Have I posted any of the knitting I've done recently? I don't think that I have. Since I made Owen's sweater in July 2015, I haven't really been able to knit because I was so sick. Since I got to Texas late June of this year, I have made a stuffed cat, two sweaters, and the hat for Logan's doll Pan.
First I made Beans the Cat, which I named Bohne die Katze, which if my German isn't too rusty should translate to "Beans the Cat" because I was either going to do it in German or Spanish, and I think Osaka beat me to it with naming one Frijoles del Gato. I may also make a black or brown one named Frijoles del Gato, but it will be smaller than the first one I made.
I'm not fluent in German or Spanish, truly, but I know enough that I can do silly stuff like that. I named my last cat Decke Ventilator Von Souffle, which if I recall correctly was "ceiling fan" in German with Von Souffle tacked on the end, because I was a goofball. I loved that cat.
Anyway knitted stuff. First we have Beans:
Then I made Toby a sweater of his own in a soft acrylic which has hints of tan and pink:
Then feeling confident I made another sweater from the same pattern from different tidbits that were all gifts from friends. I called the project the Friendship Sweater:
And last for now, is the hat intended for Pan, modeled by October:
In addition to late night knitting I've also been organizing playlists for my mp3 player and putting music back on my laptop that was accidentally deleted, from the mp3 players. I made a new playlist for when I'm just hanging out at the house.
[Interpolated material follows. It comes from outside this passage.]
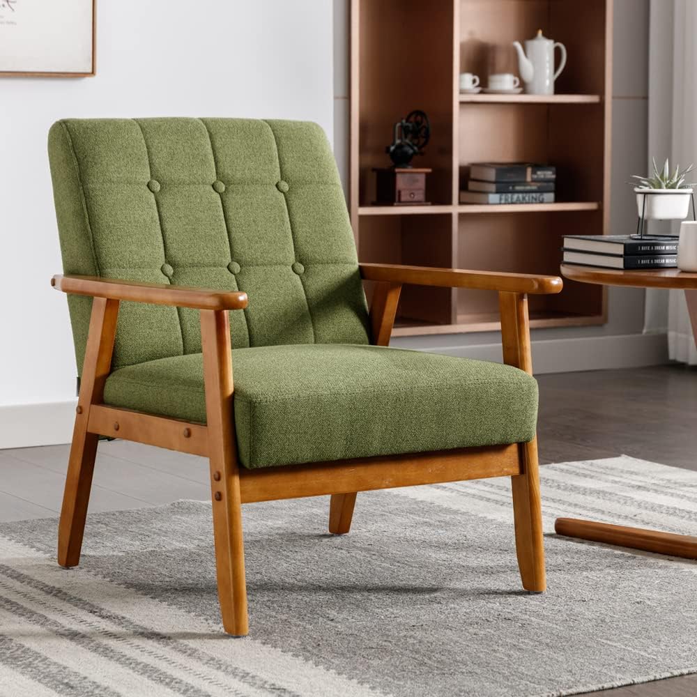 Holaki Mid Century Modern Arm Chair with Wood Frame,Linen Fabric Comfy Reading Chair,Accent Chair for Living Room Bedroom Reading,Easy Assembly,Green Linen

Going back to my migraine medicine, I think that my backup medication (Maxalt) is aggravating my insomnia. I will bring it up with my doctor when I see him later this month and see if instead of alternating the two as needed migraine medications, I can just get more of the Imitrex. Doctors seem to be really stingy with migraine medication which baffles me because it doesn't get you high, and honestly it makes me feel like crap, just less like crap than I do when I actively have a brain-screaming migraine. It's probably a legislative thing but it's frustrating all the same. I would prefer not to even risk repeating the 9 month migraine and right now I'm still fighting out of the two week-ish one.
Random thoughts. I'm going to try to sleep.. again I think.
- I'm Rory or Rorek in most places. I design, sew, and craft, primarily for my Asian Ball-Jointed Dolls. I also dabble in interior design, but I'm a little out of practice.
I post about the things I enjoy, which are sewing, photographing my dolls, designing new outfits, knitting, which I started in September of 2008, thanks to my Mom, and occasionally drawing, or painting.
I also post about Life Events and how they affect me and those that I love.
Currently I am living in DFW, Texas in the USA and working towards a degree in Theology.